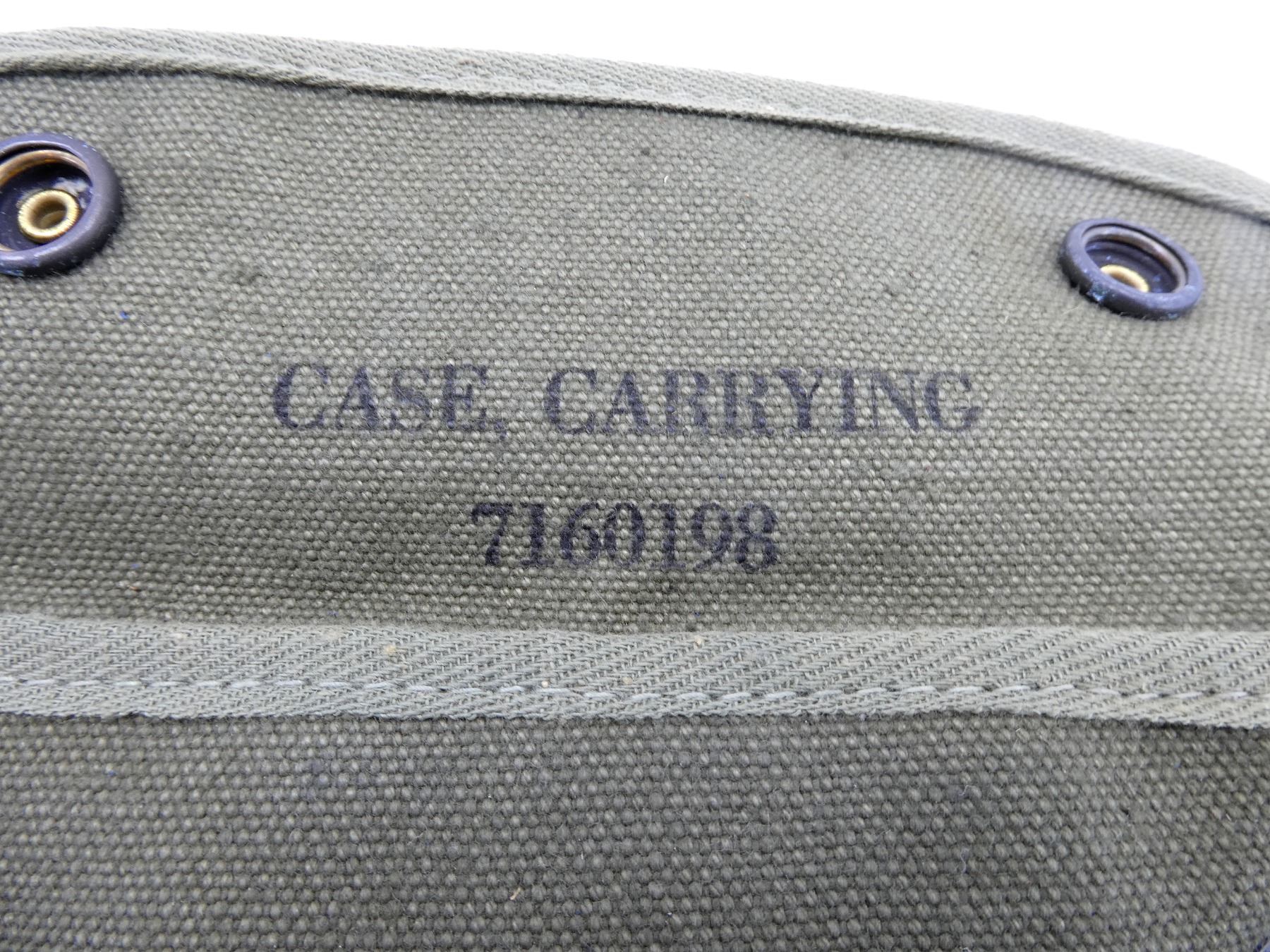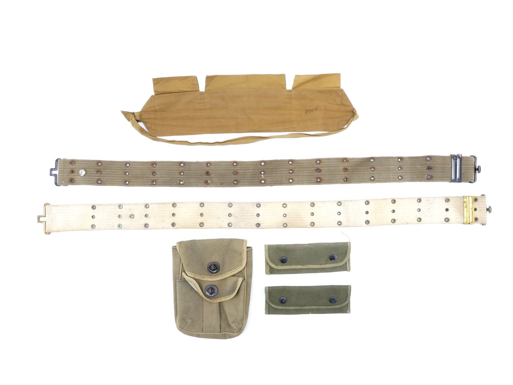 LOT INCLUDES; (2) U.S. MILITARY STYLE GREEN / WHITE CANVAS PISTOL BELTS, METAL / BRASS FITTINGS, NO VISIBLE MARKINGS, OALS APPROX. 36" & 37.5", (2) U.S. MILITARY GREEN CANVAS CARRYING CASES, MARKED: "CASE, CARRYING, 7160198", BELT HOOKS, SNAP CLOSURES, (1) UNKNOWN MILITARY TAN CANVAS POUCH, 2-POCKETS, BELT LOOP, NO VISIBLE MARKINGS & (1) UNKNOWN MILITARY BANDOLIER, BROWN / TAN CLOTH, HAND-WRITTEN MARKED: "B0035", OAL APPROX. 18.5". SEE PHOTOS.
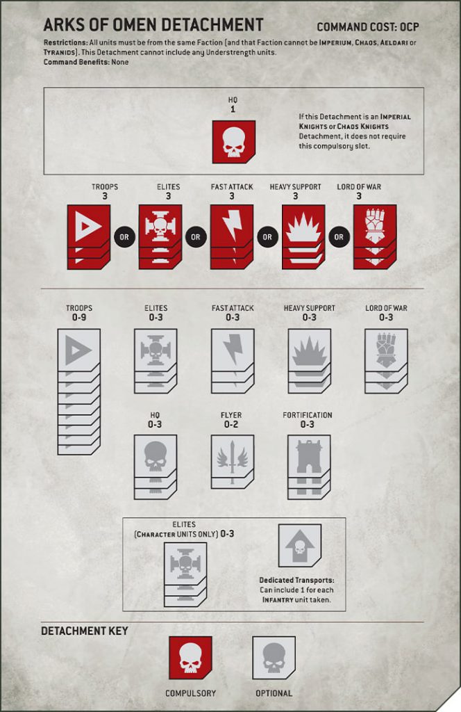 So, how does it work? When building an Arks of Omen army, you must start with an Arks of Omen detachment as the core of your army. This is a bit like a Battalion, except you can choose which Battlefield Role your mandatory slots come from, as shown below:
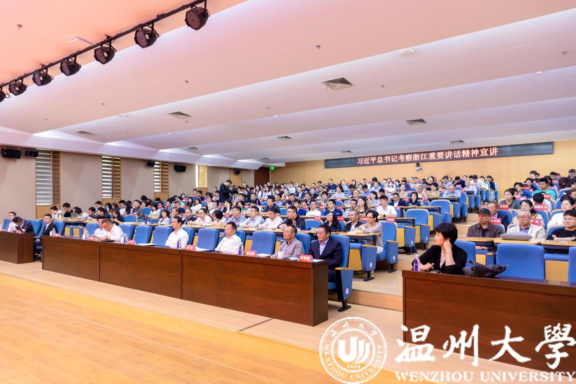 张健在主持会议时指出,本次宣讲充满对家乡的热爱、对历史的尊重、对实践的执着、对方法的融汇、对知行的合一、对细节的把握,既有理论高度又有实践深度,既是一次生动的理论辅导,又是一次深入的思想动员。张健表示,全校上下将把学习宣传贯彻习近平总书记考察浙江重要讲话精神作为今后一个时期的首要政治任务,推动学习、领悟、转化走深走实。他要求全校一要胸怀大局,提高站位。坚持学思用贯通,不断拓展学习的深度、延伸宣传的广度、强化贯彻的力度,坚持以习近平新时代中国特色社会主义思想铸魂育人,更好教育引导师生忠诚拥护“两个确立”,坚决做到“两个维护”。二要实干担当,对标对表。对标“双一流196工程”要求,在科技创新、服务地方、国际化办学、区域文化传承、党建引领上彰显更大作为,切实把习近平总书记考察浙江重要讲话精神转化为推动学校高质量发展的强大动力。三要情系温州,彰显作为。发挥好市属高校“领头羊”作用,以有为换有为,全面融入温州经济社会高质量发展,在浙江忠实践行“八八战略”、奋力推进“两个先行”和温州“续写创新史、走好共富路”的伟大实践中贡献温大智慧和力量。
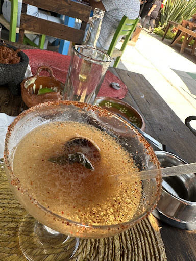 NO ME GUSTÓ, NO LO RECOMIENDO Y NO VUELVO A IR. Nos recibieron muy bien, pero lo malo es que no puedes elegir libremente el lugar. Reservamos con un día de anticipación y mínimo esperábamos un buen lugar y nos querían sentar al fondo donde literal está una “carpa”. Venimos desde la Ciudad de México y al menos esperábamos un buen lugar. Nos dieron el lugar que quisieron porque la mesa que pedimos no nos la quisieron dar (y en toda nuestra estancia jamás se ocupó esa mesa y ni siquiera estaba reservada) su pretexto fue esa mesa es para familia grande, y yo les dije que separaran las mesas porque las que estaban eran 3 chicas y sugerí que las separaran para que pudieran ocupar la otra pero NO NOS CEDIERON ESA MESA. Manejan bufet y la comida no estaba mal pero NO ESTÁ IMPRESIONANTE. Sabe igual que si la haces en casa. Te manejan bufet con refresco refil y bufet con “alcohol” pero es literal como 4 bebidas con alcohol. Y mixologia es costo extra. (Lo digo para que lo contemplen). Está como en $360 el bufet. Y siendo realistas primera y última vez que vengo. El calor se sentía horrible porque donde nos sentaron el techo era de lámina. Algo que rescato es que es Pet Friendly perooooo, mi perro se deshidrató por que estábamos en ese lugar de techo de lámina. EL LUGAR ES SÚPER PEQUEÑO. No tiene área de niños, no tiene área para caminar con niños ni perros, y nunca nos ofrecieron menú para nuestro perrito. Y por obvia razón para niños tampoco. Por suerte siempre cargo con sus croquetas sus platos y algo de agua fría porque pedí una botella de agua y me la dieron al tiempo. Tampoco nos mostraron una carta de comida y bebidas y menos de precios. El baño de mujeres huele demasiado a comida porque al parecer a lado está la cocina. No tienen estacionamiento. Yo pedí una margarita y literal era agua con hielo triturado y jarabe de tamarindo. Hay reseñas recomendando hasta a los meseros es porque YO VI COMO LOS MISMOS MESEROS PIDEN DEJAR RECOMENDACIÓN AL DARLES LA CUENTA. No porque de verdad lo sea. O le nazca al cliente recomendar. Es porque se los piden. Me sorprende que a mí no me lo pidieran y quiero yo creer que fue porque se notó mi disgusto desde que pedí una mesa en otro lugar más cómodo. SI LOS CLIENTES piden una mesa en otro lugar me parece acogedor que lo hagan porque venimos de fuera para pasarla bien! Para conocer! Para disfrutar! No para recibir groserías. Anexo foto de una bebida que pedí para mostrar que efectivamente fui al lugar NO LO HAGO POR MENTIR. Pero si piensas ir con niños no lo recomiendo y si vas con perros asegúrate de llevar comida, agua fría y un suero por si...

* * * * *

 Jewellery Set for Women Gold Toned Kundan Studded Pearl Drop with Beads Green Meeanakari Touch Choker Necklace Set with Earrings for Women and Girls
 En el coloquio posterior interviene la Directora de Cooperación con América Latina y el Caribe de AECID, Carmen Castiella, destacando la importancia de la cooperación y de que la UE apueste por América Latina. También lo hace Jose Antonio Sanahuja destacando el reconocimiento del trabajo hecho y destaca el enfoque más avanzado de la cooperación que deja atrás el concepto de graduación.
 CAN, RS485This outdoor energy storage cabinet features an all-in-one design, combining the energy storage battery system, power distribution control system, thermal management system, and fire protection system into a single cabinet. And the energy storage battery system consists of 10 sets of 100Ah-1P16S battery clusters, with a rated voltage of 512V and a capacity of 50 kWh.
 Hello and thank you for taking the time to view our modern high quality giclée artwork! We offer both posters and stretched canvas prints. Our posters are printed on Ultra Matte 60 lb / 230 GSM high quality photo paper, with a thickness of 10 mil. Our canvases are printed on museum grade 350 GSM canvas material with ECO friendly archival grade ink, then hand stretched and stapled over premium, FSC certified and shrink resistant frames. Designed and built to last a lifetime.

* * * * *

**What you will do**
An exact copy of the lines above between the line holding "Jewellery Set for" and the line holding "Hello and thank", inclusive, is the whole answer.

**Written response**
 Jewellery Set for Women Gold Toned Kundan Studded Pearl Drop with Beads Green Meeanakari Touch Choker Necklace Set with Earrings for Women and Girls
 En el coloquio posterior interviene la Directora de Cooperación con América Latina y el Caribe de AECID, Carmen Castiella, destacando la importancia de la cooperación y de que la UE apueste por América Latina. También lo hace Jose Antonio Sanahuja destacando el reconocimiento del trabajo hecho y destaca el enfoque más avanzado de la cooperación que deja atrás el concepto de graduación.
 CAN, RS485This outdoor energy storage cabinet features an all-in-one design, combining the energy storage battery system, power distribution control system, thermal management system, and fire protection system into a single cabinet. And the energy storage battery system consists of 10 sets of 100Ah-1P16S battery clusters, with a rated voltage of 512V and a capacity of 50 kWh.
 Hello and thank you for taking the time to view our modern high quality giclée artwork! We offer both posters and stretched canvas prints. Our posters are printed on Ultra Matte 60 lb / 230 GSM high quality photo paper, with a thickness of 10 mil. Our canvases are printed on museum grade 350 GSM canvas material with ECO friendly archival grade ink, then hand stretched and stapled over premium, FSC certified and shrink resistant frames. Designed and built to last a lifetime.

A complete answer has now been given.